== Supplied entries

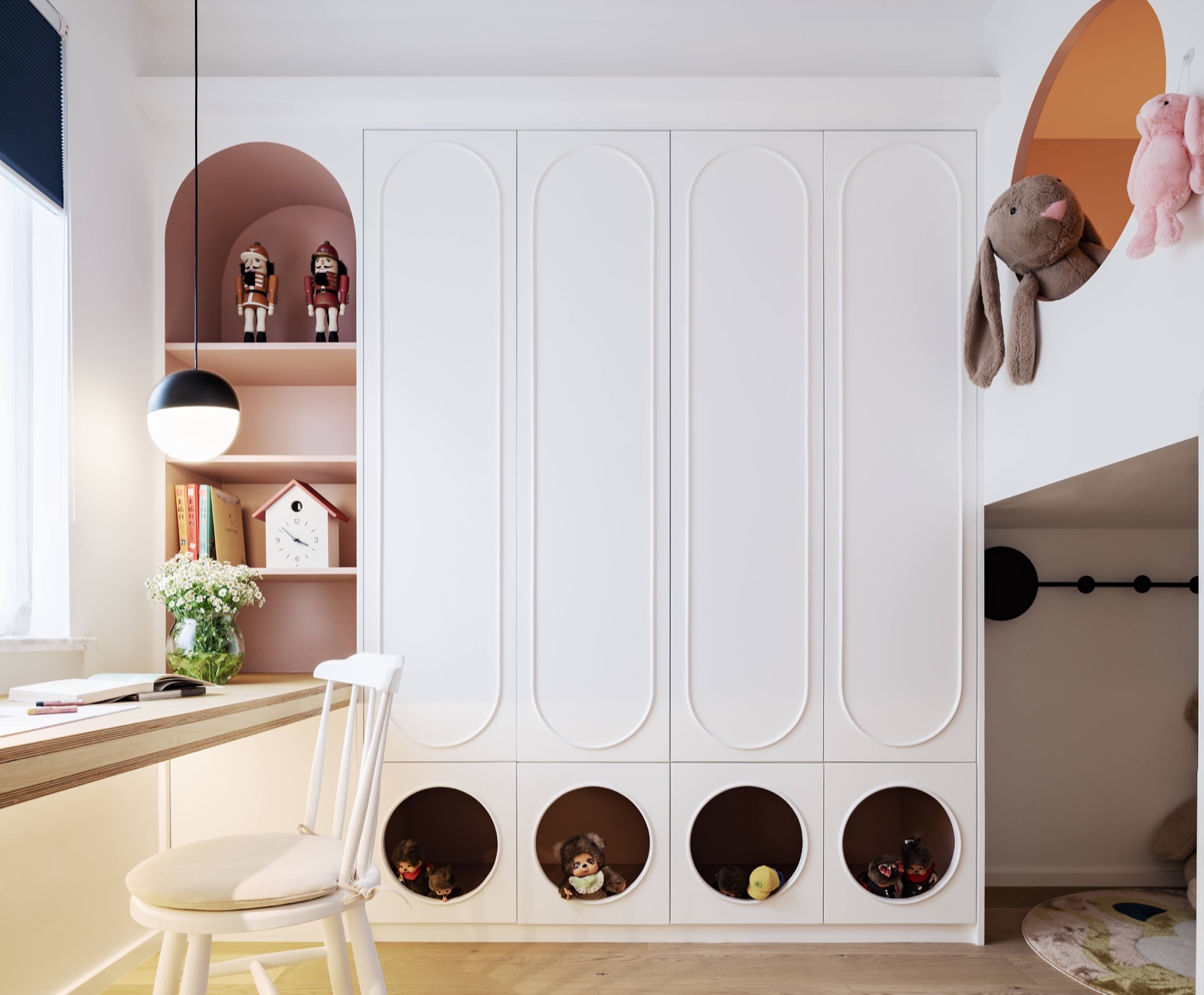 老人房的床采用地臺形式,在滿足使用功能的同時還可以充當(dāng)換季儲藏空間;床邊設(shè)計了邊柜,方便老人隨手拿放東西;地臺與衣柜底部預(yù)留了暗藏?zé)魩?,既增加空間層次也可作為起夜燈使用。
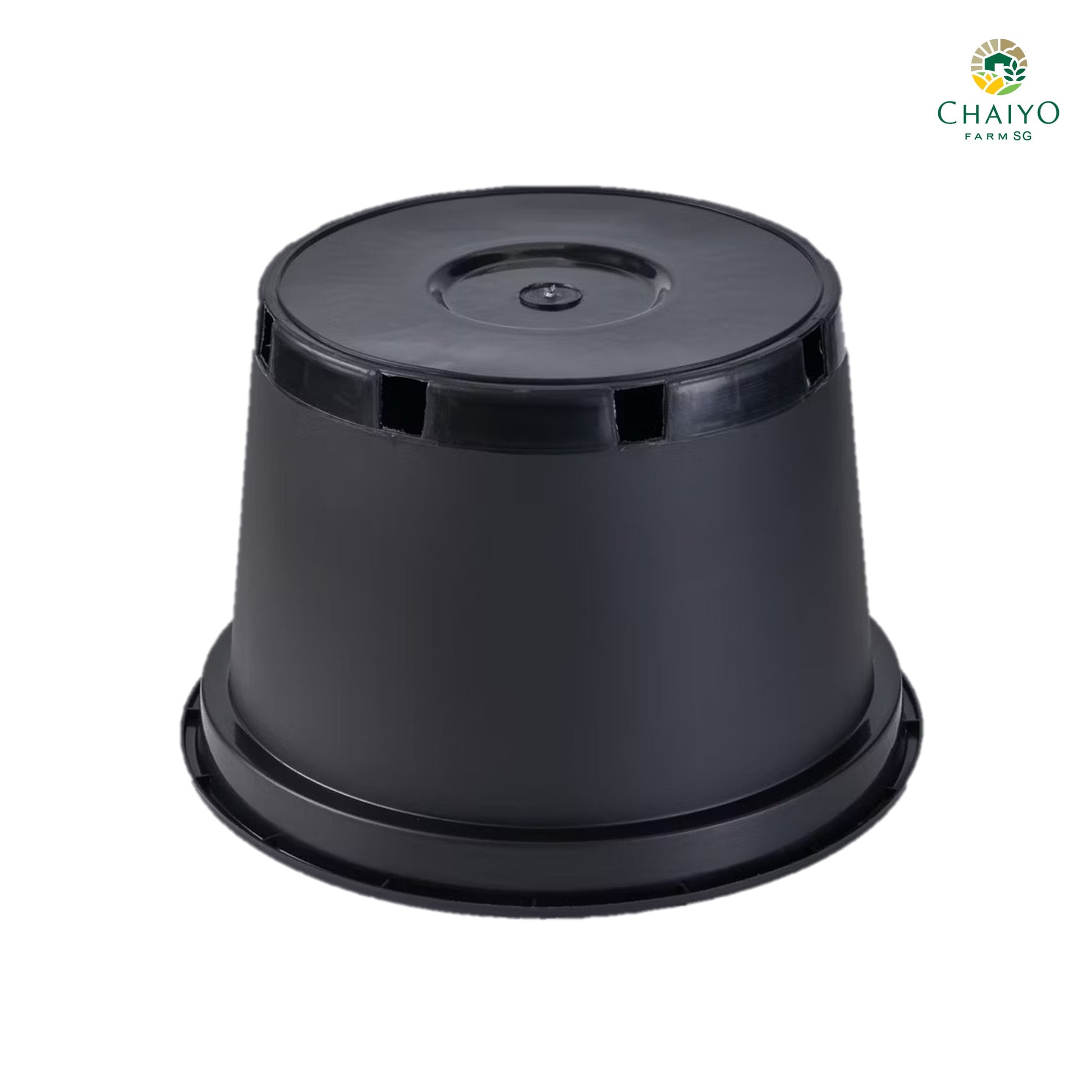 27.5 cm plastic pot, round shape, with drainage holes at the bottom of the pot for good ventilation, helping the plant growth.
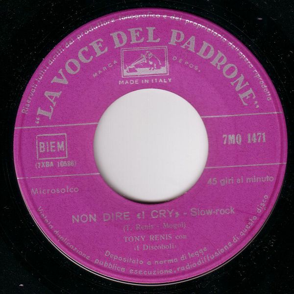 09 60....7 MQ 1471....TONY RENIS con <I Discoboli>..Non dire <I Cry> (7XBA 10536)/TONY RENIS con Orch. dir. da E. Favilla..Tenerezza (7XBA 10436 II)
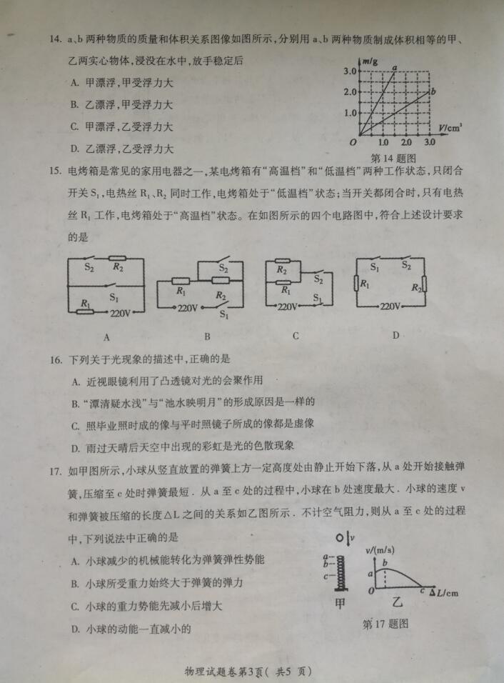 2018安徽宣城初中学业水平考试物理模拟试题(图片版)(3)
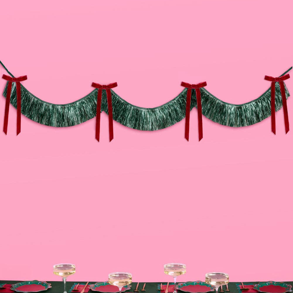 Xmas Bow Banner - fringe + velvet bows
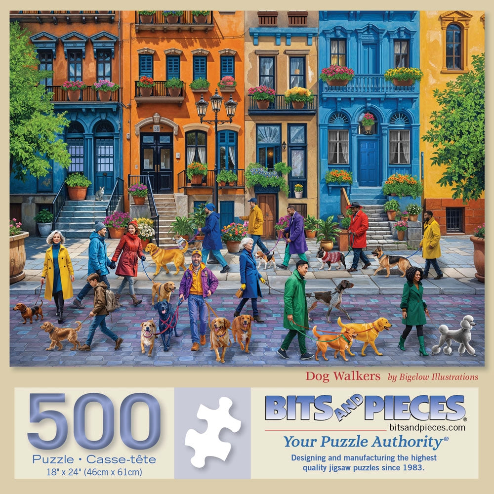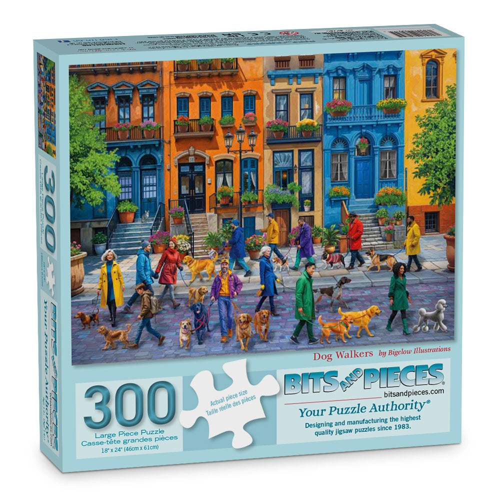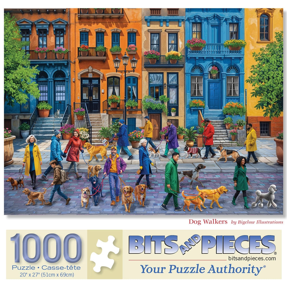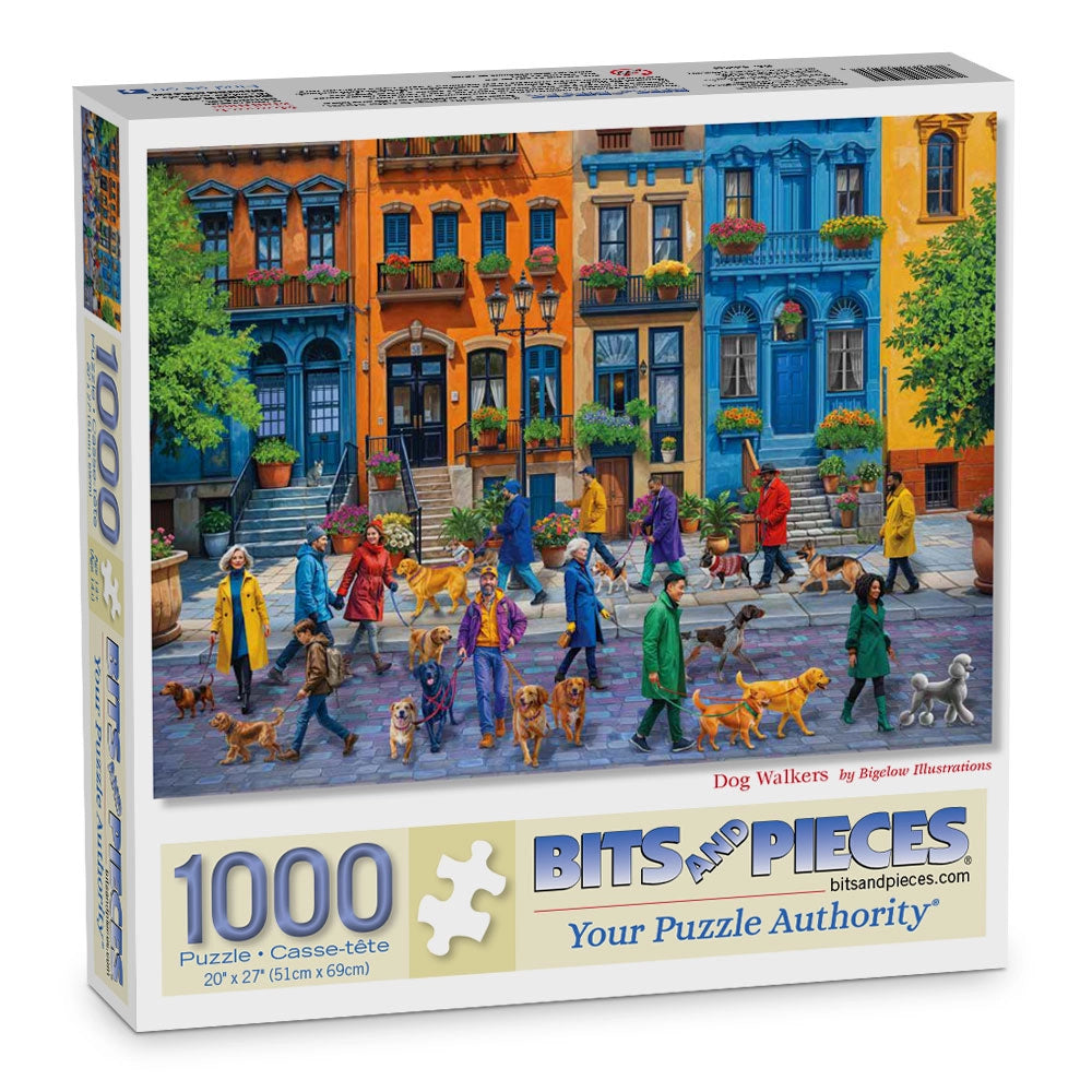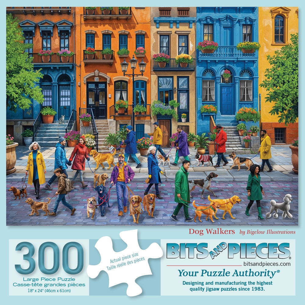 Artist Bigelow Illustrations captures the lovable chaos of a city street full of furry friends and their humans. From leaping pups to chatting neighbors, this puzzle is packed with personality, movement, and charm. Each window tells a story, and every sidewalk square holds a surprise. A colorful, character-filled puzzle that celebrates everyday joy and the magic of dog-walking routines.

====

## What the exercise asks
From the line that holds "2018安徽宣城初中学业水平考试物理模拟试题(图片版)(3)" down to the last line of the material above, every line is to be copied exactly, both ends included; pictures are to be omitted.

## Solution below
 2018安徽宣城初中学业水平考试物理模拟试题(图片版)(3)
 Xmas Bow Banner - fringe + velvet bows
 Artist Bigelow Illustrations captures the lovable chaos of a city street full of furry friends and their humans. From leaping pups to chatting neighbors, this puzzle is packed with personality, movement, and charm. Each window tells a story, and every sidewalk square holds a surprise. A colorful, character-filled puzzle that celebrates everyday joy and the magic of dog-walking routines.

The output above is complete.